DUA

61.6K 3.3K 50
                                    

Di rumah bercat putih bernuansa modern, dua orang cewek masuk melalui pintu utama rumah. Kania berjalan di belakang Lucy, jarak mereka terpaut lima meter.

"Ceritain apa yang lo alami ke Mama sama Papa. Masalah sepenting ini nggak boleh dirahasiain." Kania mengedarkan pandangannya dan berhenti tepat pada pintu geser berwarna putih yang tertutup rapat.

"Mama di kamar."

Lucy menoleh dengan wajah masamnya. Cewek itu mendengus kasar. "Jangan berusaha jadi kakak yang baik. Gue nggak suka." Lucy berjalan sempoyongan menuju kamar orang tuanya.

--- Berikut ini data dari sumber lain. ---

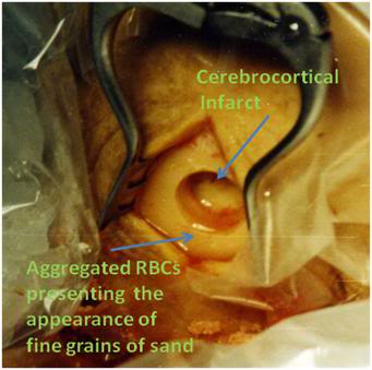 There is also osmotic injury which occurs during brain cryopreservation employing currently available vitrification techniques. The permeability of cell membranes to most cryoprotectants is very slow when compared with water. As a consequence, these osmotically active CPAs extract water from the intracellular space more rapidly than they can equilibrate with it, given the constraints imposed by the toxicity of these agents: namely, that they must be introduced at low temperatures (sometimes well below 0oC) and that the exposure time at these relatively high temperatures must not be too long. The relative impermeability of colligative cryoprotectants to brain tissue is not, as is commonly misunderstood, a function of the blood brain barrier (BBB). Most colligative CPAs freely cross the BBB because they are lipid soluble. Rather, it is due to the kinetics of water and CPA movement across the individual brain cell membranes. The multiply membrane wrapped myleinated axons that comprise the white matter pose a special diffusion barrier, in this respect. The cerebral dehydration that results from perfusion with high molarity CPA solutions causes occasional peri-capillary tears (Figure 11) as well as infrequent small tears within the brain parenchyma.
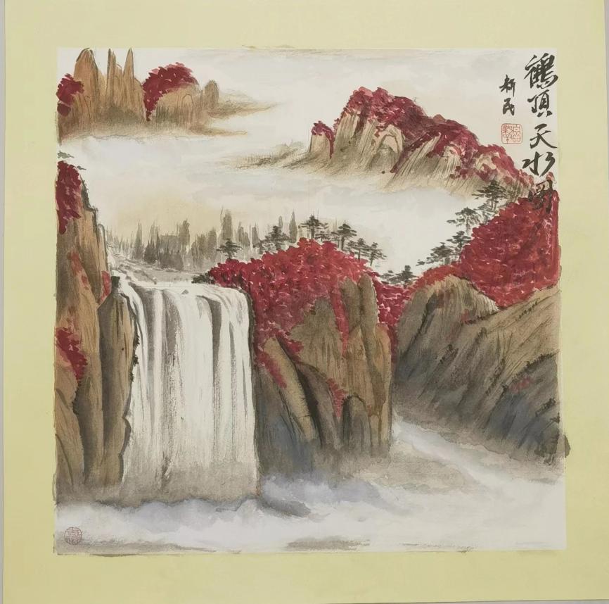 贾新民创作的山水画《鹤顶天水》。

Menghela napas, Kania berjalan sambil menatap punggung Lucy. Mereka berdua masuk tanpa mengetuk pintu.

Di dalam kamar, Fara—ibu mereka—sedang duduk di depan meja rias. Wanita berparas rupawan dengan aura super anggun itu tengah menghapus make up di wajahnya.

Fara memandang dua putrinya melalui cermin. "Kenapa? Tumben ke kamar Mama barengan," ucap Fara. Wanita berusia tiga puluh tujuh tahun itu memutar tubuhnya menghadap Kania dan Lucy.

Lucy menunduk sambil mengambil duduk di tepi ranjang Fara. Kania mengikutinya dan duduk di sebelah Lucy.

"Papa di mana?" tanya Kania.

"Di sini." Papanya, David, keluar dari kamar mandi dengan mengenakan piayama berwarna biru tua. Pria itu memperhatikan kedua anaknya sesaat, lantas beralih melirik jam dinding. "Kalian baru pulang?" tanya David.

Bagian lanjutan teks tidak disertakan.